Thank you...my second attempt. The first burst had a little green in it. I managed to ruin it during my last coat of clear by applying too much, then allowing myself to be distracted. A run developed that ate through 3 coats of clear and 2 coats of sanding sealer, and drew anice line across the top of the guitar...lol. It was partly me and partly equipment failure that caused it. But hay...I`ve been an 'apprentice" before. I ate the disappointment and made another attempt. This is the first one...It was actually a much better blended burst...Live and learn, and thank god for RO sanders.


----------



## Jim Wellington (Sep 3, 2017)

greco said:


> Beautiful looking neck!
> View attachment 344796



Yeah....I will be doing more business with Lewis...He`s super nice, has patience with newbies like me, and as you can see he`s talented.


----------



## nnieman (Jun 19, 2013)

Jim Wellington said:


> Should have the neck in my possession next week...I ordered it from East City Guitars (Lewis Parker).
> 
> 
> 
> ...


That burst is perfect!!
I saw that neck on Instagram it’s gorgeous!!

Lewis is very talented and great to deal with!

Nathan


----------



## MarkM (May 23, 2019)

Jim Wellington said:


> Should have the neck in my possession next week...I ordered it from East City Guitars (Lewis Parker).
> 
> 
> 
> ...


What wood is that neck, that is beautiful!


----------



## Jim Wellington (Sep 3, 2017)

MarkM said:


> What wood is that neck, that is beautiful!


Roasted curly Maple...

I was surprised and delighted regarding the color as well...


----------



## Jim Wellington (Sep 3, 2017)

nnieman said:


> That burst is perfect!!


You warned me that this is an addictive pastime Nathan. I agree... staining bursts is fun and addictive. I will be doing another one when I get this project complete.


----------



## Jim Wellington (Sep 3, 2017)

Watched a few shielding videos...This guys method looks good to me. If any of you experienced folks take exception to his method, i would like to hear from you regarding why.


----------



## Jim Wellington (Sep 3, 2017)

Still some small spots that require more polish, but I`m mostly there and getting excited about assembly. I`m on the fence with the "relic look" but I did add a few wear spots before the sanding sealer and clear was applied. This is my first go, and she has some warts, but overall I`m happy with the results so far. When I put all the parts together on the floor, it`s certainly drool worthy to me at least.

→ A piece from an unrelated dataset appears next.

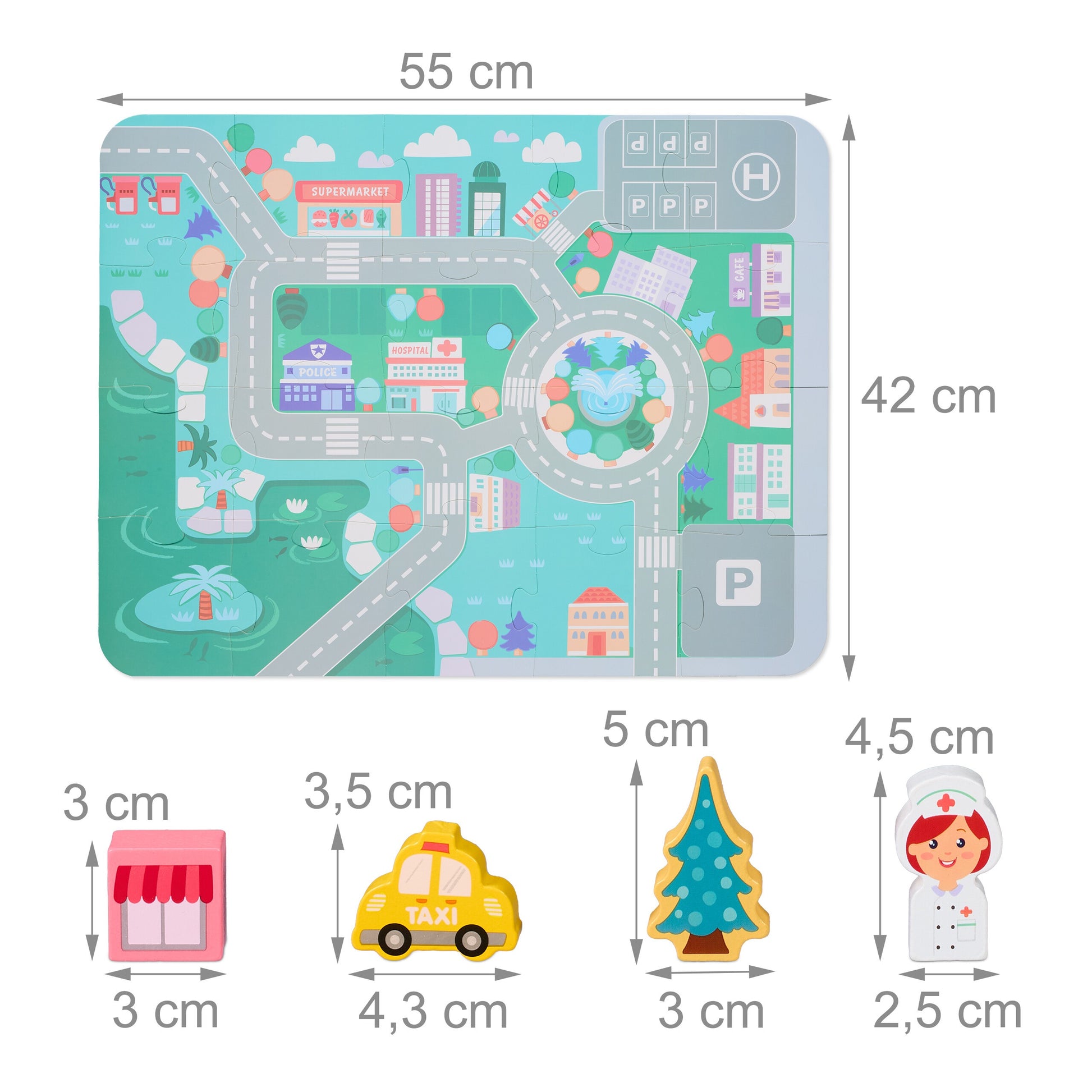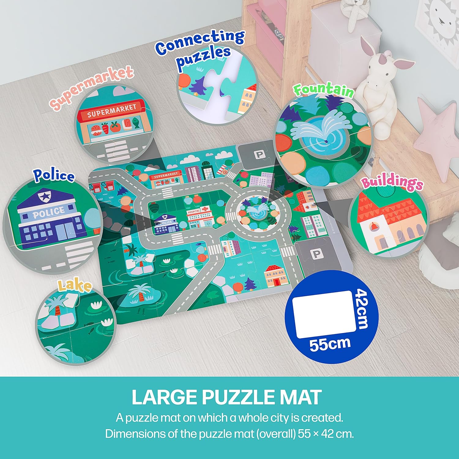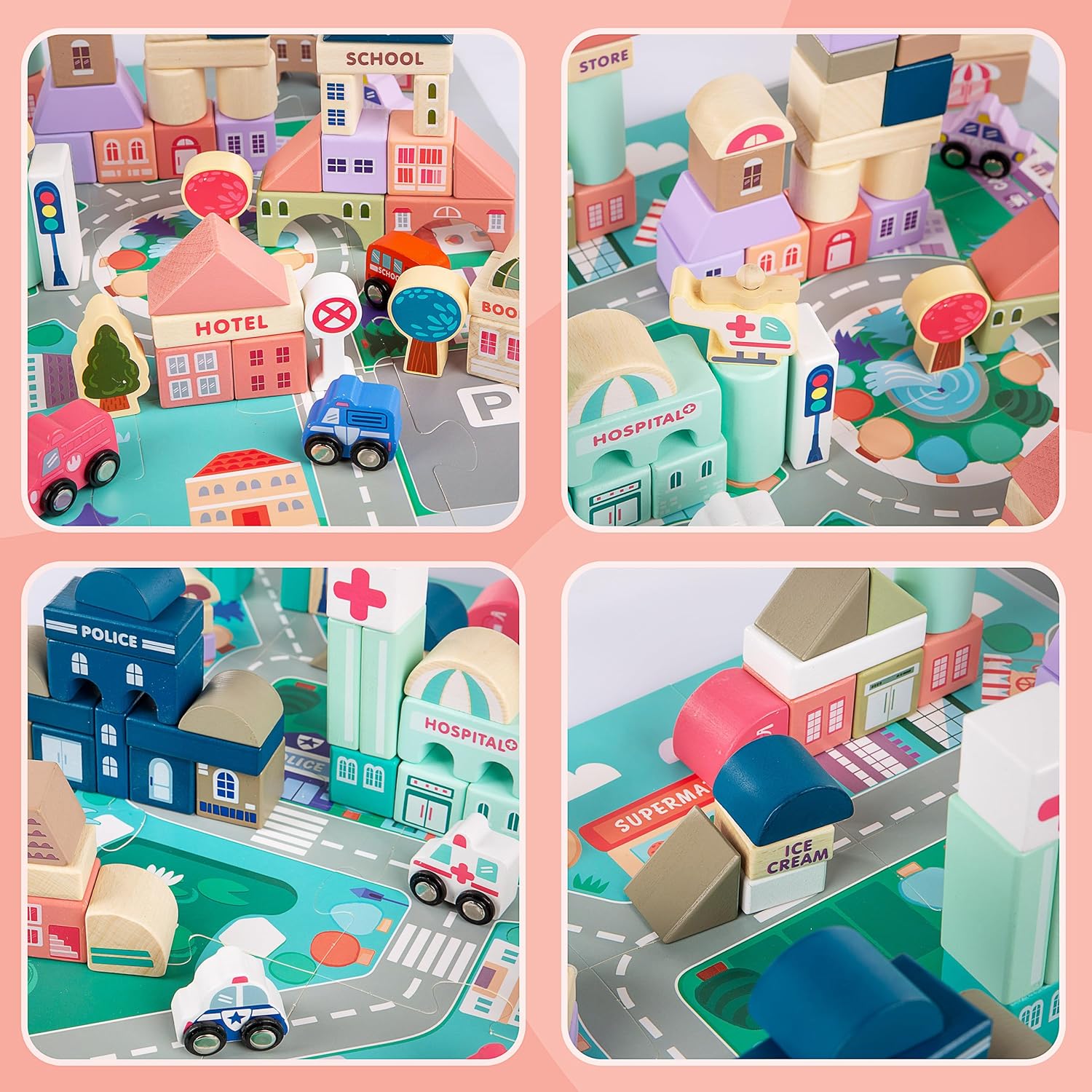 - 115 PIECES WOODEN BUILDING BLOCKS: The city building blocks familiarizes the child with the hustle and bustle of city life. The child can stack various buildings such as school, library, fire station, police station, supermarket, hospital, museum, bank. The blocks offer you unlimited Building Possibilities – Mix and match the various sizes and shapes to build and re-build city of every design! This building blocks set also contains 26 letters (A to Z) and 0-9 numbers.

The magnifier on the guitar top, was a great help in getting a thin finish without sand through worries. They are $25 on Amazon 60 -120x magnification.












Tools....Got the polish from Solo.












The back pic is slightly out of focus...oops.











...lots of dust...











All the dyes and sealers etc. I got from Wood Essence. The colors I used were amber and Van **** Brown...and Brite Tone water based sealer and instrument finish.

I used an HVLP sprayer to apply the sanding sealer and final finish.


----------



## Lincoln (Jun 2, 2008)

Looks great. Nice job. 
I know that shade of brown you mentioned, funny the swear filter picked on it. I guess you can't say **** anymore.


----------



## Jim Wellington (Sep 3, 2017)

Lincoln said:


> Looks great. Nice job.
> I know that shade of brown you mentioned, funny the swear filter picked on it. I guess you can't say **** anymore.


Thanks for the compliment...

No kidding on the language filter...made me chuckle.

Has anyone watched the Dick Van **** Show lately?


----------



## Lincoln (Jun 2, 2008)

It turned out really well. Are you sure you haven't been doing this for a while?


----------



## vadsy (Dec 2, 2010)

looks pro! nice work


----------



## Swervin55 (Oct 30, 2009)

As my Edmontonian brethren above have said, nice work! This is going to turn out to be one of your very favorite guitars...speaking from experience.


----------



## Jim Wellington (Sep 3, 2017)

Lincoln said:


> It turned out really well. Are you sure you haven't been doing this for a while?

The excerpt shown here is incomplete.